• What the task requires
Restate the data exactly as given and keep the pictures out.

• Dataset extract
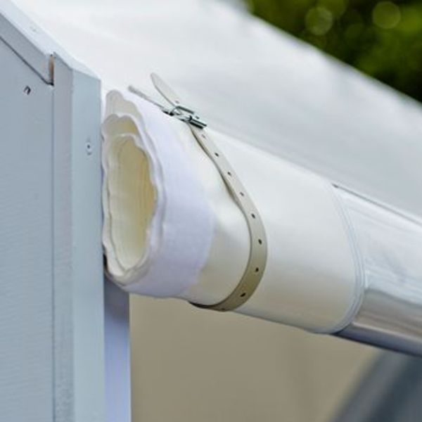 Tak och framsida består av en kraftig polyester duk med PVC beläggning 650gr/m2 som kan rullas upp.
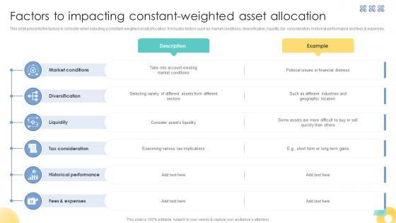 This slide presents the factors to consider when selecting a constant-weighted asset allocation. It includes factors such as market conditions, diversification, liquidity, tax consideration, historical performance and fees and expenses.Coming up with a presentation necessitates that the majority of the effort goes into the content and the message you intend to convey. The visuals of a PowerPoint presentation can only be effective if it supplements and supports the story that is being told. Keeping this in mind our experts created Factors To Impacting Constant Weighted Asset Strategic Investment Plan For Optimizing Risk SS V to reduce the time that goes into designing the presentation. This way, you can concentrate on the message while our designers take care of providing you with the right template for the situation. This slide presents the factors to consider when selecting a constant-weighted asset allocation. It includes factors such as market conditions, diversification, liquidity, tax consideration, historical performance and fees and expenses.
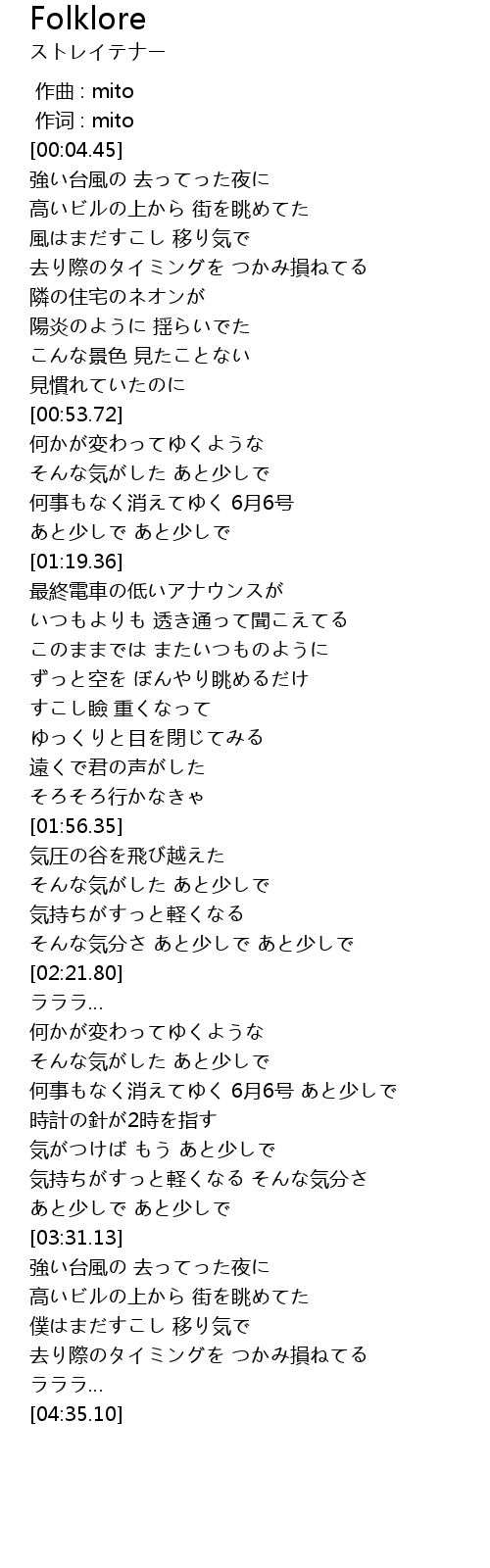 | [02:59.88] | 何事もなく消えてゆく 6月6号 あと少しで |

• Written solution
 Tak och framsida består av en kraftig polyester duk med PVC beläggning 650gr/m2 som kan rullas upp.
 This slide presents the factors to consider when selecting a constant-weighted asset allocation. It includes factors such as market conditions, diversification, liquidity, tax consideration, historical performance and fees and expenses.Coming up with a presentation necessitates that the majority of the effort goes into the content and the message you intend to convey. The visuals of a PowerPoint presentation can only be effective if it supplements and supports the story that is being told. Keeping this in mind our experts created Factors To Impacting Constant Weighted Asset Strategic Investment Plan For Optimizing Risk SS V to reduce the time that goes into designing the presentation. This way, you can concentrate on the message while our designers take care of providing you with the right template for the situation. This slide presents the factors to consider when selecting a constant-weighted asset allocation. It includes factors such as market conditions, diversification, liquidity, tax consideration, historical performance and fees and expenses.
 | [02:59.88] | 何事もなく消えてゆく 6月6号 あと少しで |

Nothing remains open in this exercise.